Şimdi esas konuya yaklaşıyoruz ama önce 2015'te açtığım bir konudan kısaca bahsedeyim.
Telomerler ve VO2max ilişkisi
Evet, telomerlerimiz her tekrarda kısalıyor. Ancak yapılan araştırmalar ilginç bulgular gösteriyor. Örneğin VO2max ile telomer kısalması arasında sıkı bir bağlantı var.
VO2max değerleri yüksek olanların DNA'ları incelendiğinde, kendi yaşıtlarına göre telomerlerinin daha uzun olduğu görülüyor. Neden olabilir?

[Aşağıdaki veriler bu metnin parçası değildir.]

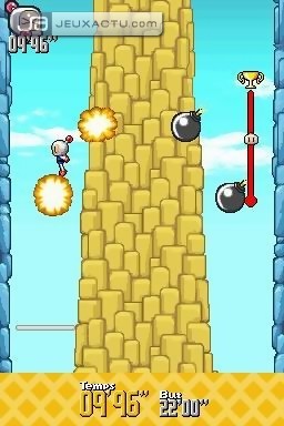 Première surprise plutôt inattendue, la refonte du mode "Aventure". Fini les différentes zones à traverser en bombardant ennemis et boss. Ici, les développeurs ont décidé de mettre intelligemment à profit les caractéristiques de la machine. Dans un parc d’attractions en 3D isométrique, le stylet vous guidera à la recherche de mini-jeux. Compte tenu du support, ils exploitent bien évidemment écran tactile et micro pour un plaisir propre à la portable de Nintendo, avec en prime un nombre assez conséquent et une certaine variété. Mais si l’idée de départ est bonne, elle est assez mal implantée dans les faits. Monotonie et lassitude auront raison de vous lors des incessants allers-retours qu’il faut effectuer pour explorer et débloquer chaque zone du parc, brisant du même coup toute envie d’achever l’aventure. Certains en viendront même à regretter le mode solo classique qui offrait au moins une véritable progression et un vrai challenge. Développeur à l’origine de la démocratisation des party-games avec la série des Mario Party, Hudson Soft a heureusement eu la bonne idée de reprendre une partie du concept et l’adapter au bien nommé mode Attraction. Jouable jusqu’à quatre en game sharing, vous pourrez revisiter tous les mini-jeux débloqués dans le mode solo, leur donnant ainsi une seconde jeunesse et vous permettant de profiter du concentré de fun qu’ils offrent entre amis. Mais un Bomberman n’en serait pas un sans son mythique mode "Bataille". Mode ayant fait la renommée de la série, c’est en toute logique que l’on retrouve exactement la même recette. Il s’agira donc encore une fois de s’affronter dans des arènes à coups de bombes. Bizarrement, Hudson Soft a amputé son titre d’une partie des items que l’on trouvait autrefois. Fini le crâne et autres gants de boxe par exemple. Outre le jeu en réseau local instauré dans le premier opus DS, nous avons droit ici au très attendu mode online. Jouable jusqu’à huit avec cependant quatre bots imposés, voilà qui permet aux exilés et autres solitaires d’affronter autre chose que des adversaires contrôlés par la console. Jouable et fluide contre nos voisins européens, lag et crises de nerfs accompagneront les parties intercontinentales. A éviter donc, ces désagréments sont d’autant plus dommage que les joueurs sont bien moins présents sur le Vieux Continent. Toutefois, ne faisons pas la fine bouche, cela suffit amplement au bonheur de chacun.

En akla yatkın açıklama, VO2max'ı yüksek olanlarda hücre tekrarının azalması. Yani VO2max'ı arttırıcı spor yaptıkça hücrelerimiz daha dirençli hale geliyor ve yeni üretime ihtiyaç duymuyor. Spor yaptıkça aslında daha dayanıklı hücre yaratıyoruz. VO2max yüksekliği demek, bir nabız atımında daha fazla oksijen taşınımı demektir.
Geldik konu başlığına:
Her hayvanın yaşam ömrü toplam kalp atım sayısıyla kabaca aynıdır (insan da buna dahil). Filler farelerden daha uzun yaşar ama nabız sayıları düşüktür. Kalp atımları ölçülürse her iki türün yaşamlarının aynı uzunlukta olduğu ortaya çıkar.
Yaşam çeşitliliği bir ton versiyon yarattığından, az da olsa bu kurala uymayan bazı istisnalar vardır. Bunlardan biri yarasalar ve kuşlar. Mesela minik yarasalar 30 yıl yaşarlar ama nabızları korkunç hızda atar.
Prof. George Dunnet'ın aynı fulmar martısıyla 40 yıl arayla çektirdiği iki fotoğrafı fikir verir.
Martıda neredeyse hiç değişiklik yokken Dunnet'te değişim bariz.
Bu istisnalar kuşların evrim süreciyle ilgili yeni keşifler yapılmasını gerektiriyor.
Ancak özete gelirsek, telomer kısalması önlemeyen bir gerçek olduğundan, ömrü belirleyen şey hücre dayanıklılığı olup, bu dayanıklılığını sağlayan şeyin yeterince oksijen ve yakıt alması olarak görülüyor.